** Opening Provided records block **

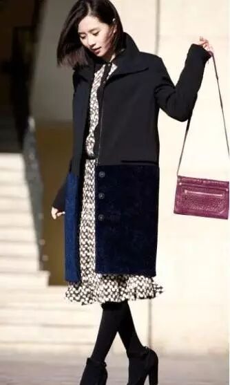 看刘诗诗(诗爷)的这套装扮就非常适合冬天穿了,印花的衬衫连衣裙搭配长款拼接呢子大衣,黑色打底裤几乎是女人冬季衣橱的必备品,一双黑色靴子也是增添女人味气质的百搭单品哦,如果觉得冬天这样的装扮不够出彩,那么一个带有亮色的包包会是必要的配饰装扮了。
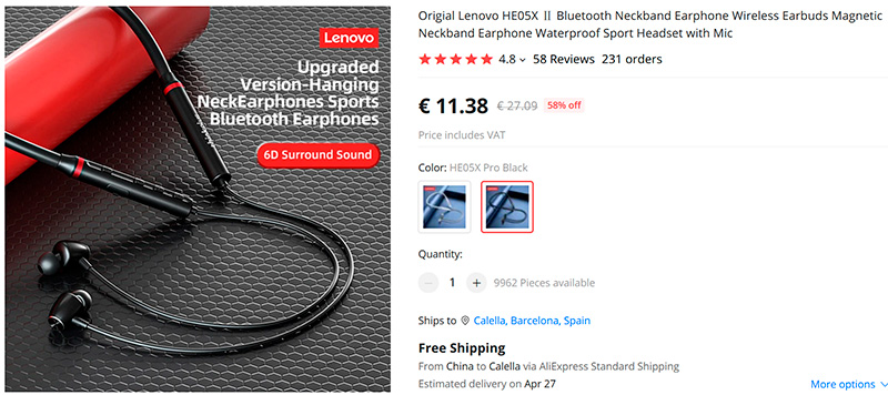 Дешевые уличные/спортивные беспроводные наушники Lenovo HE05X. Влагозащита, до 8 часов автономности, в случае выпадения из уха не потеряются, управляются кнопками, поддерживают кодек AAC, два цвета.
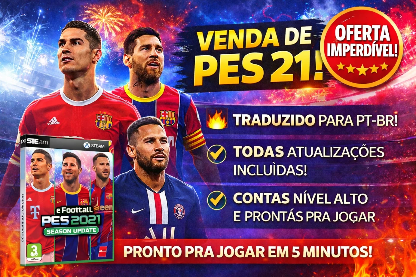 Na LC Vendas, você encontra o PES 2021 totalmente traduzido para PT-BR, com todas as atualizações, pronto para rodar no PC e garantir a melhor experiência no futebol virtual.
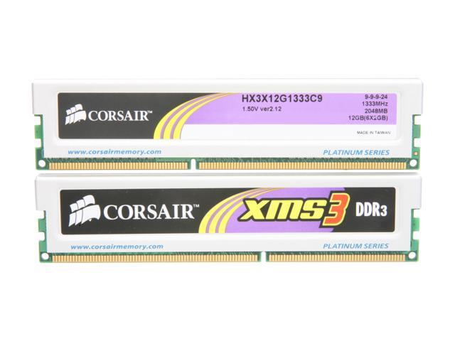 CORSAIR XMS3 12GB (6 x 2GB) 240-Pin DDR3 SDRAM DDR3 1333 (PC3 10666) Desktop Memory Model HX3X12G1333C9
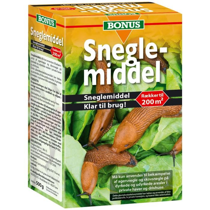 500 gram sneglegift klar til brug. Kan anvendes i køkkenhaver, på græsplæner, i bede og på udyrkede arealer i private haver og i drivhuse. Klar til at strø ud og rækker til ca. 200 m2.
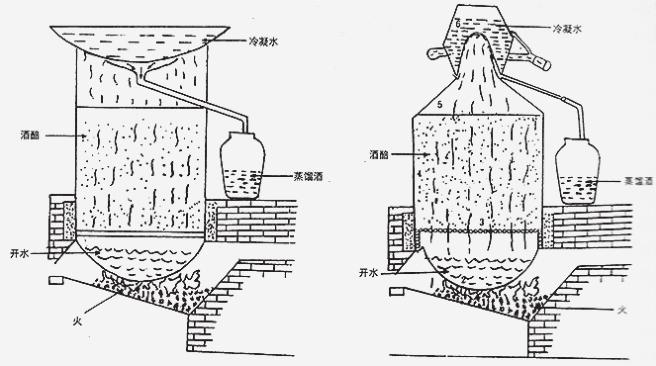 (注: 天锅式蒸酒器(左)、壶式蒸酒器(右)示意图)

** Closing Provided records block **

Exactly as they appear above, write out all the entries, without pictures.

* [Result for this task]
 看刘诗诗(诗爷)的这套装扮就非常适合冬天穿了,印花的衬衫连衣裙搭配长款拼接呢子大衣,黑色打底裤几乎是女人冬季衣橱的必备品,一双黑色靴子也是增添女人味气质的百搭单品哦,如果觉得冬天这样的装扮不够出彩,那么一个带有亮色的包包会是必要的配饰装扮了。
 Дешевые уличные/спортивные беспроводные наушники Lenovo HE05X. Влагозащита, до 8 часов автономности, в случае выпадения из уха не потеряются, управляются кнопками, поддерживают кодек AAC, два цвета.
 Na LC Vendas, você encontra o PES 2021 totalmente traduzido para PT-BR, com todas as atualizações, pronto para rodar no PC e garantir a melhor experiência no futebol virtual.
 CORSAIR XMS3 12GB (6 x 2GB) 240-Pin DDR3 SDRAM DDR3 1333 (PC3 10666) Desktop Memory Model HX3X12G1333C9
 500 gram sneglegift klar til brug. Kan anvendes i køkkenhaver, på græsplæner, i bede og på udyrkede arealer i private haver og i drivhuse. Klar til at strø ud og rækker til ca. 200 m2.
 (注: 天锅式蒸酒器(左)、壶式蒸酒器(右)示意图)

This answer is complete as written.